If a shortage of memory (and the paging and swapping associated with limited memory) is slowing the performance of your system, you may need to reset the X server to free up memory resources.
Space that has been allocated to the X server is never freed to the system until the X server is terminated; it can be reused by the X server, but it is not freed. As a result, the amount of memory resources allocated to the X server is the largest amount of memory resources ever used by the X server at any single point in time in either the current session or any prior session. This amount can be rather large if at some point you opened a large number of windows, displayed PostScript text, and performed other windowing operations that consume a lot of memory.
To reset the X server and eliminate any reserve of unused memory that may have built up over time, you need to specify the -terminate option in the Xserver.conf file (/var/X11/Xserver.conf) and then kill the X server (kill pid). The X Display Manager, xdm, will automatically restart your X server. (Use the ps command to locate the process identification (PID) number for the X server.) With the -terminate option in effect, the X server will now reset upon each logout.
The Xserver.conf file contains information on how to add options. For example, the entry for the -terminate option, with no other options present in the entry, is as follows:
```
args < -terminate >
```
If you are running xdm, you can establish the -terminate option in either the Xserver.conf file or the Xservers file (/var/X11/xdm/Xservers).

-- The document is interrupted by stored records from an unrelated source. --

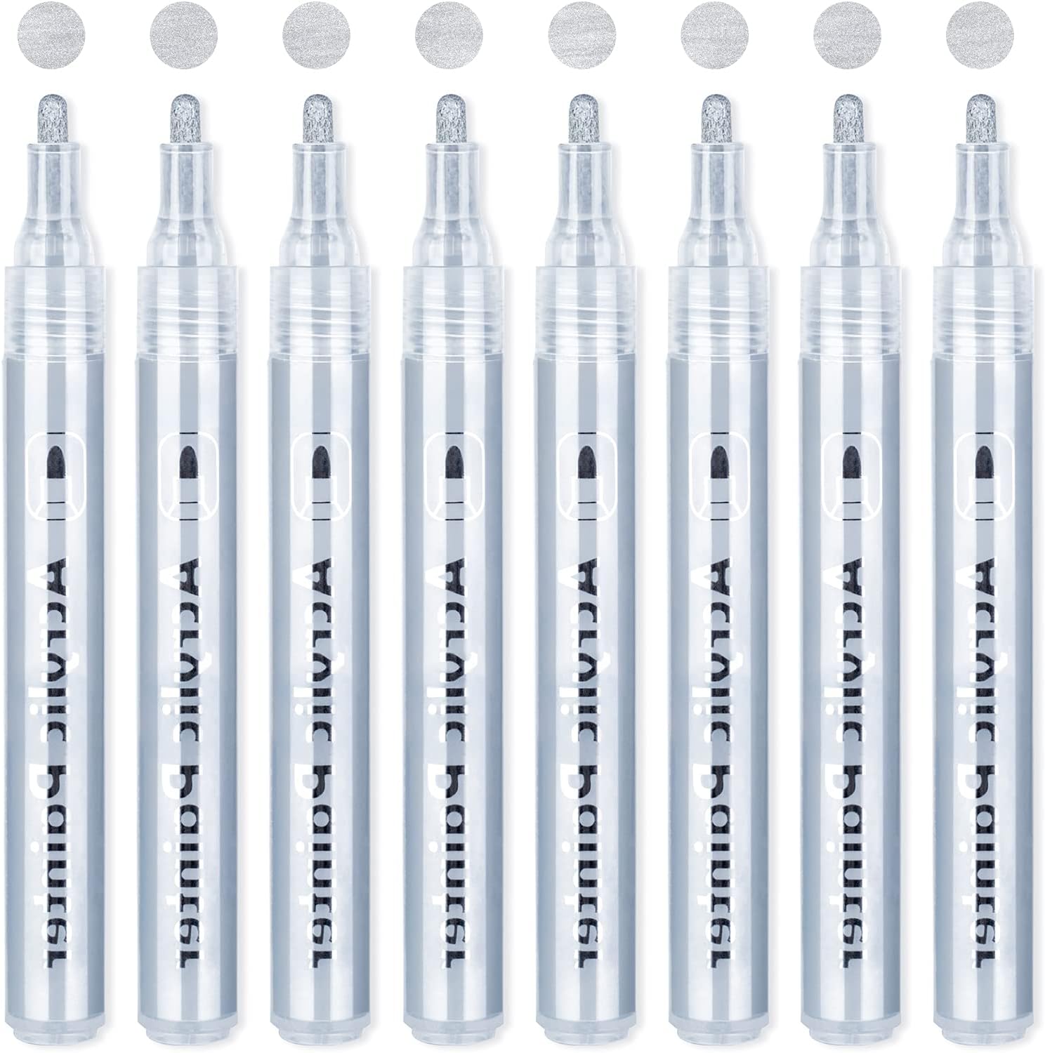 AKARUED Silver Acrylic Paint Markers, 8 Pack Acrylic Silver Paint Pen Sets for Rock Painting, Wood, Stone, Glass, Ceramic, Paper, Drawing, Art Projects, DIY Crafts, Water-Based ink, 2-3mm Medium Tip
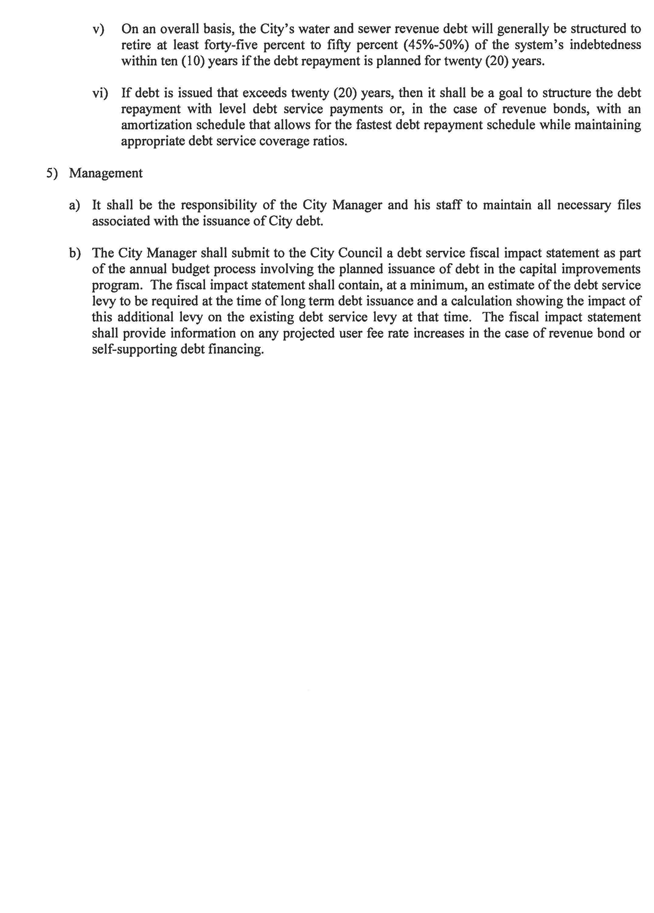 Historically, Water and Sewer infrastructure has been financed on a pay-as-you-go basis. The fund has been faced with a potentially substantial increase in rates driven by the increase in the wholesale cost of water and the rehabilitation costs of aging infrastructure. No revenue bonds were issued in FY2024.
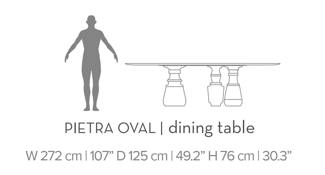 Indulge in the luxury of the Pietra Oval XL, a table that is much more than a piece of furniture; it is a statement of your refined taste. Contact us for pricing and make this timeless masterpiece a part of your luxurious abode.
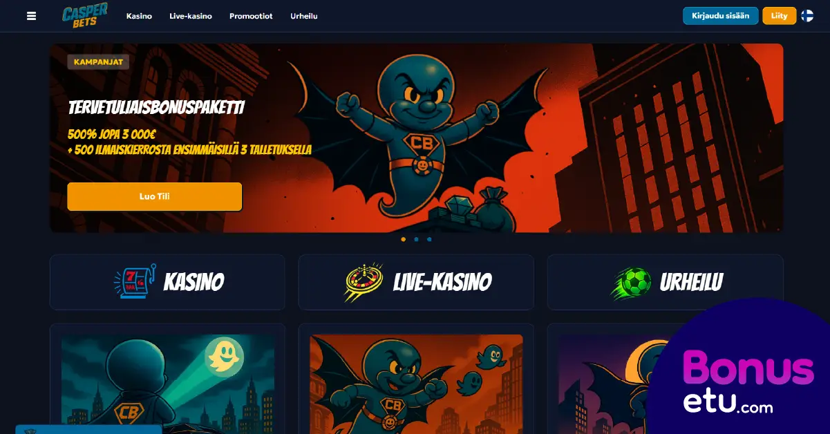 Casper Bets on vuoden 2026 alussa julkaistu nettikasino, jota operoi Equinox Holding N.V. Casper Bets on perinteinen nettikasino, joka vaatii rekisteröitymisen ennen pelaamista. Tarjolla on yli 10 000 peliä ja urheiluvedonlyöntiä, sekä runsaasti erilaisia bonuksia ja kampanjoita, kuten hauska bonuskartta. Lisäksi talletuksia voi tehdä useilla eri maksutavoilla. Bonusedun asiantuntija Tommi Korhonen otti Kasper Bets kasinon testiin ja tässä arvostelussa kerromme Tommin kokemuksia kasinon pelivalikoimasta, rahansiirroista, bonuksista ja muista ominaisuukista.
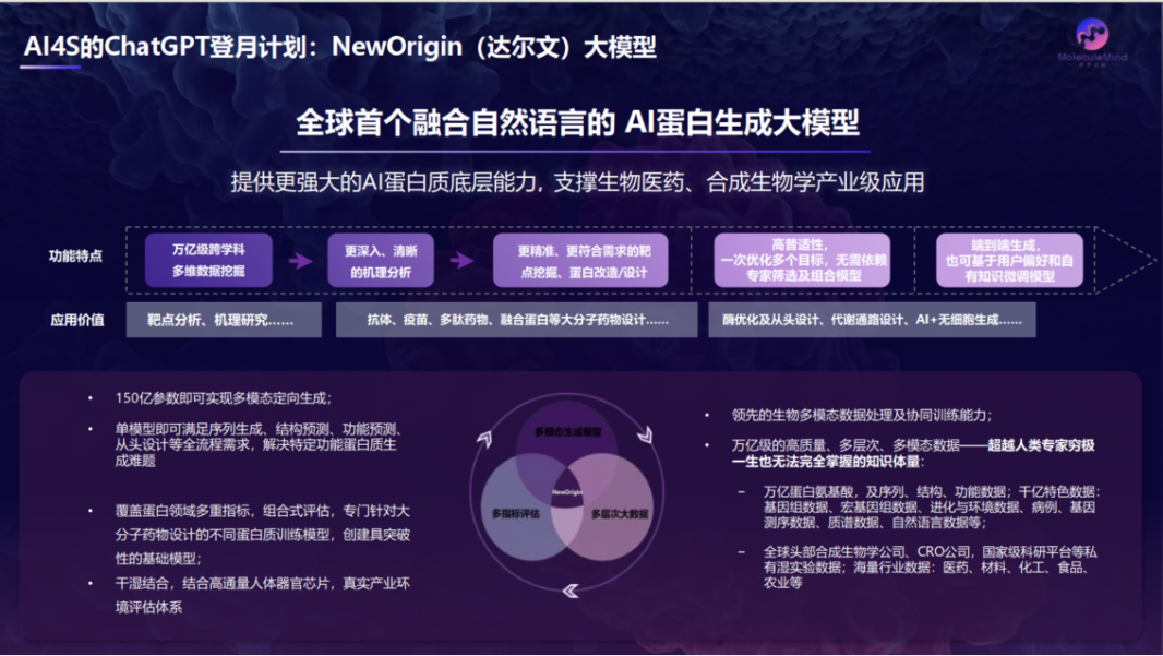 许锦波介绍,NewOrigin大模型拥有百万级参数,学习了万亿级高质量、多层次、多模态的大数据,融合自然语言与蛋白语言,力图高精度、低门槛、高通用性地满足创新药设计、合成生物学等真实产业应用需求,大幅提升蛋白质设计的效率和成功率。NewOrigin大模型基于条件生成机制,联合使用AI、分子动力学、量子计算、湿实验等多维反馈机制,可高精度生成蛋白质序列、蛋白质功能、蛋白质知识表示等多种模态蛋白质内容,完成亲和力、稳定性、活性、表达量等多维度任务,满足真实的产业应用所需。而融合自然语言的交互方式,将极大降低使用门槛,让不具备AI算法能力的生物学家也可以快速上手。
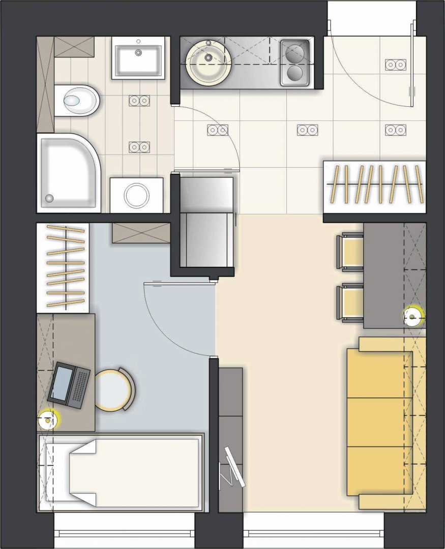 Работать с ограниченным пространством дизайнерам интерьеров тяжелее всего. Чем меньше помещение, тем важнее соблюдать правила эргономики, чтобы жильцы не натыкались на мебель и чувствовали себя комфортно. Кажется, что в «однушке» поместится только кухня-гостиная и спальня — для большего функционала просто нет места.
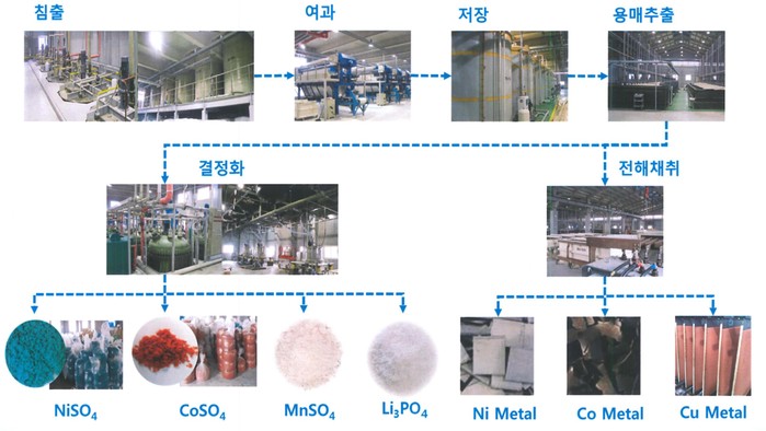 | ▲ 입고된 사용 후 배터리는 물리적 전처리 공정을 거쳐 습식공정을 통한 분리정제, 소재화 공정까지 모두 포함하여 처리하고 있다. 사용 후 배터리의 재활용 공정(습식 분리 정제 및 소재화 공정)<사진제공=성일하이텍> |
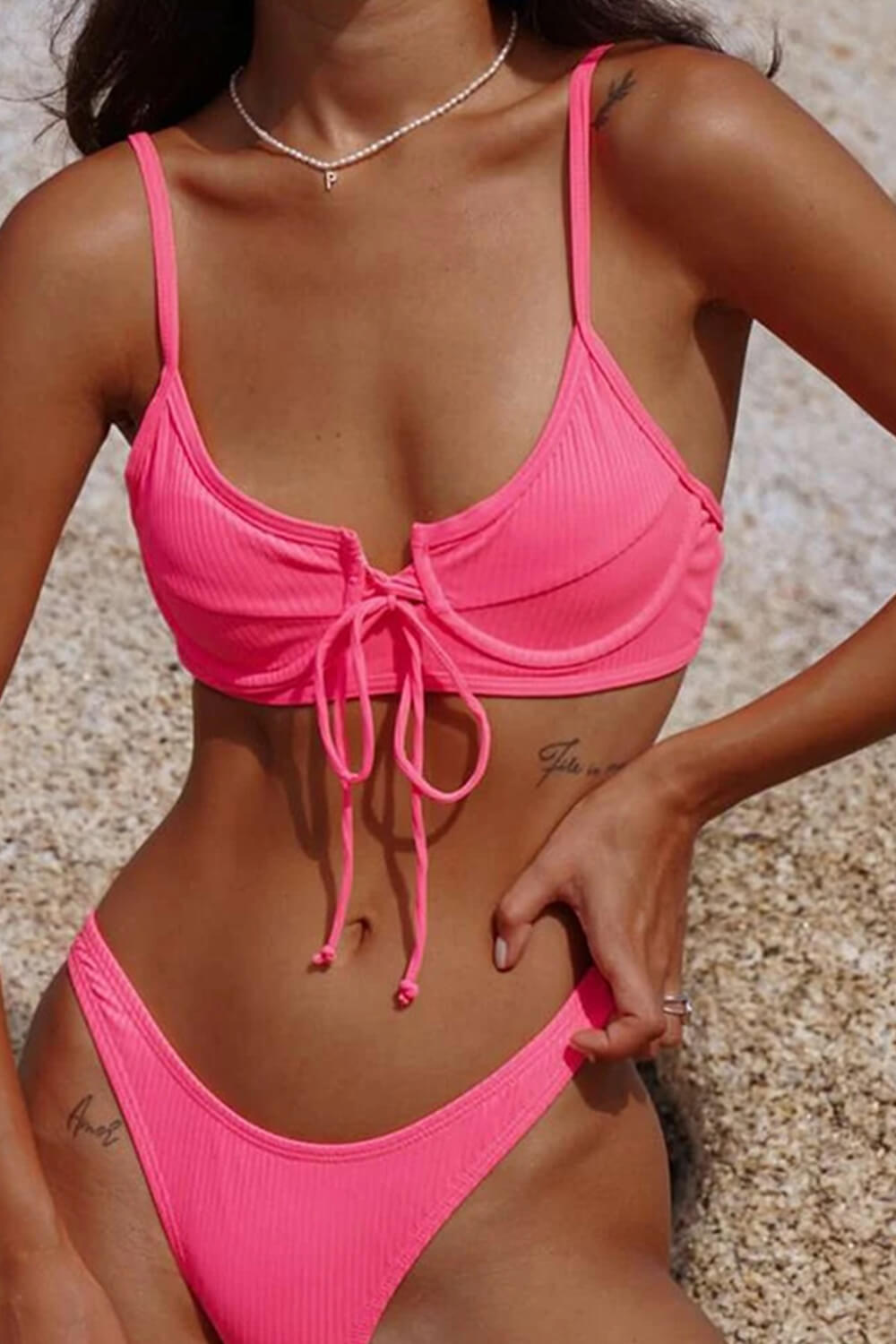 Hot Pink Ribbed Underwired Lace Up Bikini Set
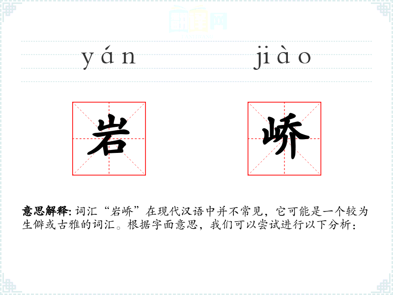 词汇“岩峤”在现代汉语中并不常见,它可能是一个较为生僻或古雅的词汇。根据字面意思,我们可以尝试进行以下分析:
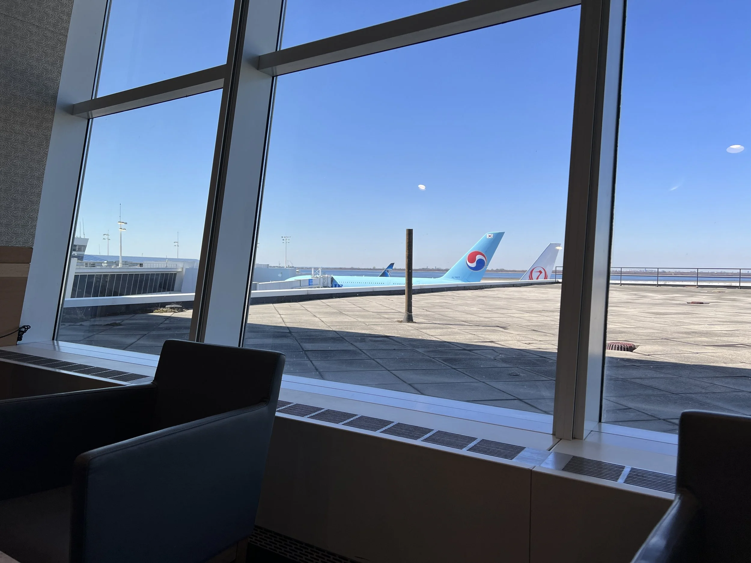 I love traveling on a Wednesday. The roads are emptier, the airports easier to navigate. And Korean Air offers a 1:35 p.m. flight that lets you sleep a reasonable amount of time before flying the 15 hours (direct) from JFK to Seoul. All was smooth sailing this morning. I even experienced my first JFK lounge—nothing fancy, but I could sit gazing out at my baby blue plane until my anxiety insisted I go to the gate.

On low-memory systems, compile Motif applications with the -shared option (the default) instead of the -non_shared option. Applications compiled with the -shared option have smaller executable files and consume fewer system resources than applications compiled with the -non_shared option. This is especially true for Motif applications; for example, a Motif application that is 400 KB with the -shared option may be as large as 4 MB with the -non_shared option.